LDE carnet de route p.29 1917
━ Ça fait rien, il n’a pas les foies, murmure Wanlin à mon oreille.
Dersigny a disparu et après lui, les minutes se succèdent longues et angoissantes. Les yeux s’épuisent à fouiller un vide immense, et le regard se perd dans un abîme de ténèbres. Les oreilles dressées comme des antennes s’efforcent de capter le moindre bruit.
Rien. Comme le tic-tac d’une pendule, j’entends battre mon cœur. À chaque fois, les fusées apportent une legère détente des nerfs. Le silence se prolongeant, devient de plus en plus pesant.
Toujours rien, pas un bruit. Qu’est devenu le sergent ?
━ Écoute !
━ Je n’entends rien.
━ Tiens, encore... là, dans le boyau... un léger frôlement.
━ Psst... Psst... ,
Une ombre se dresse derrière le barrage. Dersigny.
━ Ça gaze. Les boches sont à plus de 100 mètres et à 40 mètres d’ici il y a dans le boyau une sape à deux entrées. On va avancer le barrage et on aura le gourbi à nous.
Pour l’opération, toute la section a été ramenée à notre barrage. On procédera comme il suit :
Le sergent passera le premier, puis un par un, les autres suivront en s’égrenant sur les 40 m. de boyau à conquérir. Le dernier démontera le barrage actuel et passera les matériaux qui suivront la chaîne jusqu’au sergent. Celui-ci construira le nouveau mur.
━ Et surtout du silence ! Les boches sont à 100 mètres.
L’opération commence. Dersigny grimpe le premier et passe de l’autre côté. Texier enjambe à son tour l’obstacle, mais à ce moment une fusée s’élève en face. Le veilleur boche a vu la silhouette. Cri d’alerte. Fusée trois étoiles. Immédiatement le signal est répété sur toute la ligne ennemie, tandis que mitrailleuses et grenades ouvrent le concert.
━ Tir de barrage !
━ Bougez pas ! Bougez pas l
Nous ne bougeons pas, mais comme soulevée par un cataclysme la terre se met à bouger. Un ouragan de fer passe sur nous. En quelques secondes nous nous trouvons plongés dans un monde hallucinant et derrière nous la tranchée s’illumine d’éclairs sanglants.
Passez vite, les autres ! hurle le sergent. Commençons le boulot ! Plus on sera près des boches moins on écopera. Allez ! à toi, dem... toi plus vite ! Au dernier ! attaque la démolition et fais passer en vitesse
Les sacs à terre, les moellons passent de mains en mains.
Courbés dans le boyau, sous l’ouragan de fer, nous faisons la chaîne qui transporte à Dersigny les matériaux pour le nouveau barrage.

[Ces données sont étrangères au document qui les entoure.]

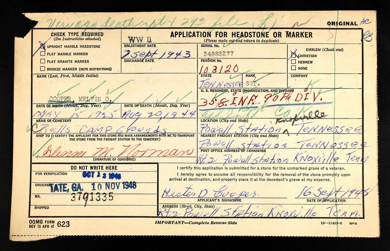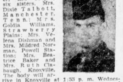 Sgt. Melvin O. Cooper was killed in action while serving with the 90th Infantry Division in France, Aug. 20, 1944. He was a former employe of Brookside Mills. Survivors: parents; brothers, Leo Cooper; six sisters, Mrs. Dixie Talbott, Manchester, Tenn.; Mrs. Goldia Williams, Strawberry Plains; Mrs. Velena Dishman and Mrs. Mildred Norman, Powell Station; Mrs. Beatrice Baker and Mrs. Ruth Clabaugh, Knoxville.

À chaque souffle, à chaque déchirement de chaque éclair rouge, les corps sont paralysés. Les rafales se succèdent dans un vacarme monstrueux et des froufroutements géants annoncent des explosions volcaniques qui ébranlent ciel et terre, les 210. Les météores impitoyables cherchent dans la nuit, des hommes à massacrer, tandis que des fusées multicolores foncent droit dans l’atmosphère rougeâtre où flotte une ouate épaisse. Heureusement ce déluge affecte la tranchée Bouchez, derrière nous. La proximité de l’ennemi nous place dans une position avantageuse.

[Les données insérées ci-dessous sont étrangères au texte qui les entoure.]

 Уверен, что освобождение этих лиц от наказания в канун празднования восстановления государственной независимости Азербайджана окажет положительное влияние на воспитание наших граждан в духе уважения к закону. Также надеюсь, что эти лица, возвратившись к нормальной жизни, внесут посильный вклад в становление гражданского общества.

━ Zieutte la belle sape vieux, crie quelqu’un.
━ Ça valait bien ce sacré boulot.
━ Houla... ça devient intenable !
━ C’est pas cor fini ?
━ Y en a encore autant à faire.
━ M... y en a marre !
Sur nous une explosion gigantesque. Des cris.
Des moellons, de la terre nous envahissent en pluie.
━ Tiens, v’la du rab pour le barrage ! hurle un fou.